Neural Networks Explained Simply – image by Abi Plata

Why Neural Networks?

The fundament components to biological brains are neuron cells, which perform basic information processing tasks within animals. These cells are organised together into tissues and organs (e.g. brains), where the individual neurons are connected to each other in a ‘network’. The basic concept of this interconnected structure is shown in Figure 1 below: 

neural networks explained

Figure 1: Two neuron cells connected to each other within a nervous tissue. Image by Jacques Sougné, University of Liège.

This figure illustrates just 2 neuron cells connected, whereas in reality there can be many more connections. As a result of this organisation, the individual cells are able to work together to yield a net processing capability that far exceeds that of any individual neuron. 

Scientists and engineers were inspired by this example from nature. Starting in the 1940’s, work to develop artificial analogs to biological nervous tissue has been an area of active research. And this field continues to be very fluid to the present day (2023-06-21). New Neural Network architectures and models are regularly produced that push the boundaries of what is thought to be possible. The popularity of the ChatGPT Large Language Model (LLM), a type of Neural Network, is evidence of this.
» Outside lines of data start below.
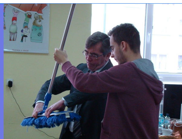
Instruktaż dyrektora firmy VOIGT

25 stycznia w Filharmonii Rzeszowskiej odbyło się spotkanie noworoczne zorganizowane przez Zarząd Wojewódzki Polskiego Stronnictwa Ludowego. W spotkaniu, wśród ponad 600 gości, znaleźli się m.in. wicepremier Janusz Piechociński, marszałek województwa świętokrzyskiego Adam Jarubas (kandydat na prezydenta RP), wiceminister sprawiedliwości Wojciech Węgrzyn, posłowie, wojewodowie, prezydenci i burmistrzowie miast, starostowie, wójtowie, radni samorządów wszystkich szczebli. Zespół Szkół nr 1 miał możliwość zaprezentowania swoich cukierniczych umiejętności. Goście zachwycali się sposobem prezentacji, dekoracją ciast i ich niezwykłym smakiem. Chwalili kunszt młodych adeptek sztuki kulinarnej i zapraszali na prezentacje do Warszawy.
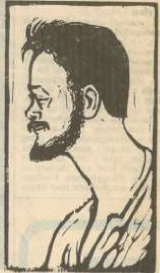
Ivan Aguéli — han får sin viloplats Sala.

För eftervärlden har Aguéli mer och mer kommit att framstå som en av det svenska måleriets föregångsmän, en av de finaste koloristiska begåvningarna. Hans namn är i hög grad knutet till Visby där han började sin konstnärskarriär i unga år. Både Frankrike och Egypten var hans egentliga målarrevir. Under Parisåren kom han även att intressera sig för anarkism. Han arresterades vid ett tillfälle men
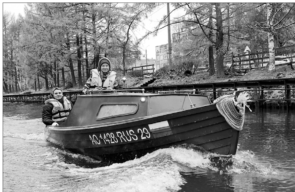
ФОТО: «ПОМОРСКИЙ КОЧ»

Также в ходе заседания было рассмотрено обращение Мезенского дорожного управления. Предприятие готовится к зимнему содержанию дорог. Его специалисты считают, что качественной уборке снега мог бы способствовать перевод светофоров в режим желтого мигающего сигнала в ночное время. Выяснилось, что такой режим можно использовать только на перекрестках, где нет выделенной пешеходной фазы светофора. В качестве эксперимента предложили опробовать его на проспекте Ломоносова: здесь одностороннее движение, две полосы и есть перекрестки без пешеходной фазы. Архтелецентр проанализирует, в какой период ночного времени по проспекту едет меньше всего машин и безопаснее всего вводить режим желтого мигающего сигнала.
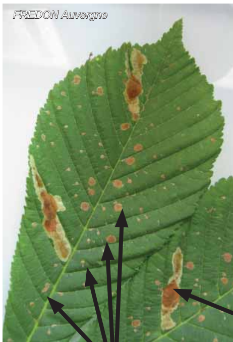
Galerie de chenille ayant donné un papillon du deuxième vol
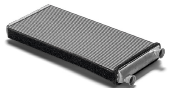
Radiateur d'origine MAN
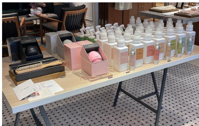
「Paul Stuart 青山本店」コリドー(回廊) [COVA] (左) [LIVRER YOKOHAMA] (右) POP-UPの様子
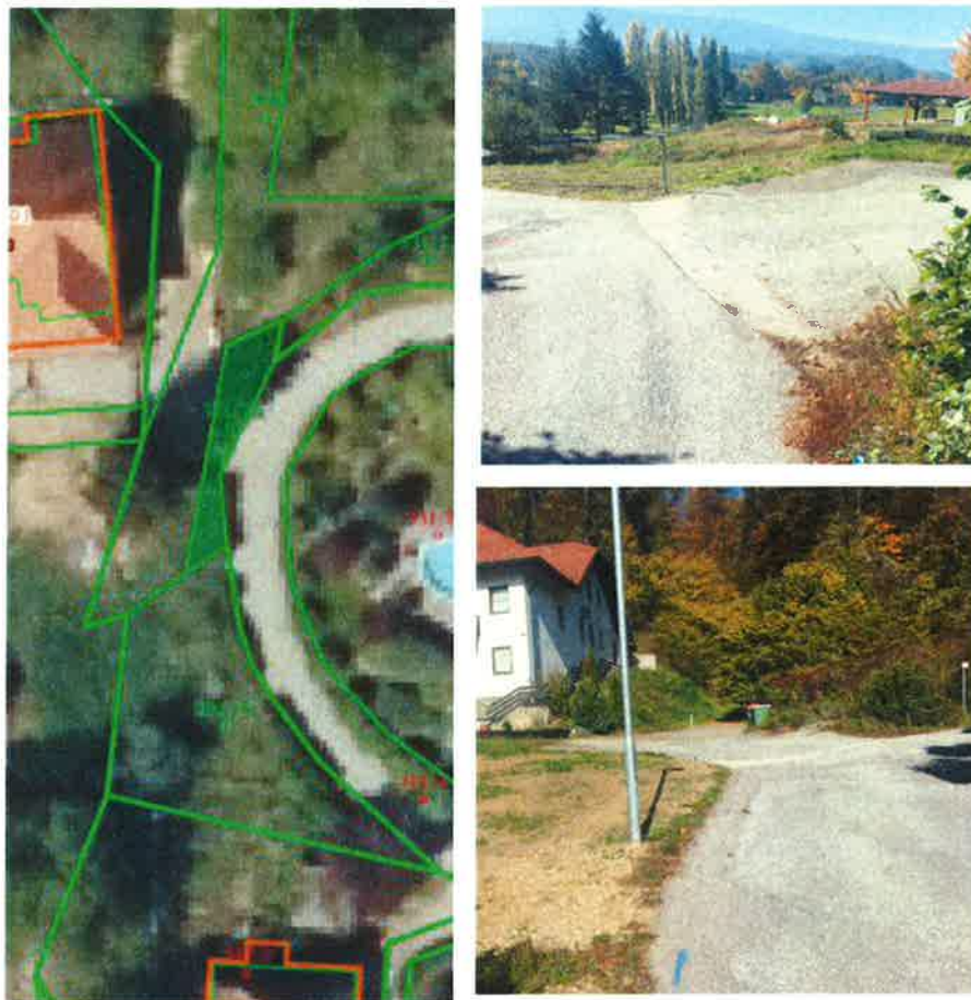
Slika 5, 6 in 7: Zemljišče k.o. 635 Brestrnica, parcela 331/76

Neural Networks are comprised of artificial neurons, that receive inputs \vec{x} and compute a response y. This response is typically a non-linear function of the inputs.

neural network activation functions

Figure 2: Artificial neuron in a Neural Network. Image by author.

The neuron receives input \vec{x} = \begin{bmatrix} x_1 \\ x_2 \\ x_3 \end{bmatrix} from either other neurons, or as input to the network. These inputs are weighted by \vec{w} = \begin{bmatrix} w_1 & w_2 & w_3\end{bmatrix}, and a bias b is added before applying an activation function f. Note that in Figure 2 we have the example of a neuron with only 3 inputs: in general this could be an arbitrary number. 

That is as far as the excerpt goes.